Епископа отвлекли торопливые шаги.
– Ваше Преосвященство! – Несколько стражников вошли в помещение и замерли, глядя на открывшееся им зрелище.
– Всех собрали? – отрывисто поинтересовался Лоран, дождавшись кивков. – Хорошо. Граф де'Кантелё мертв, а его учитель Ансель де Кутт сбежал. Его необходимо разыскать. Тех катаров, которых уличим здесь, тех, которые откажутся отречься… – Он покачал головой. – Sermo Generalis не будет. С катарской ересью в этих землях будет покончено прямо здесь.
«А после мне предстоит еще более тяжелый разговор».

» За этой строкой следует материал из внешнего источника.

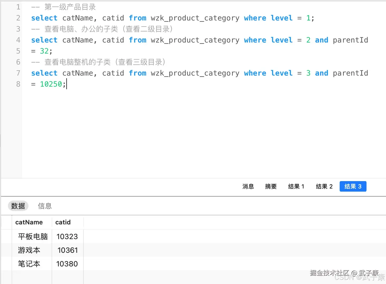 select catName, catid from wzk_product_category where level = 3 and parentId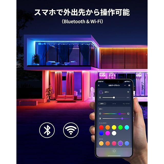 【外出先から遠隔操作したり、スケジュール機能で自動化が可能 】ハブ不要でWi-Fi(2.4GHz)に接続し、遠隔およびオートメーション操作が可能です。Wi-Fiが不安定な時は自動でBluetoothへ切り替られます。防犯対策にもお役立ち!また、アプリでスケジュールを設定しておけば、毎日決まった時間にLEDテープライトを点灯させることができます。

– Приступаем к допросам. Придется действовать подручными средствами. И не растягивать. Видит Бог, у меня будет слишком много дел в Руане, когда я вернусь.
Лоран направился к выходу из комнаты.
– Ваше Преосвященство, что прикажете делать с телом графа?
Он обернулся на мертвого юношу и покачал головой.
– На него донесли как на еретика, но, похоже, в последние свои минуты он отрекся от ереси и умер как христианин. – Лоран задумался. Вопрос был спорным и деликатным. Именно на такие вопросы он сейчас отвлекаться не мог. Пришлось принять непростое решение. Лоран вздохнул. – Его тело будет сожжено посмертно вместе с теми, кто откажется отречься от ереси. Я помолюсь за то, чтобы Господь принял его душу на Небесах.
Вновь перекрестившись, Кантильен Лоран направился во двор, где ожидали обвиняемые.
Солнце уже освещало лес своими лучами, но Ансель все же запинался о кочки и жмурился, натыкаясь на ветви. Элиза шла впереди него, оглядываясь и окидывая его неприязненным взглядом.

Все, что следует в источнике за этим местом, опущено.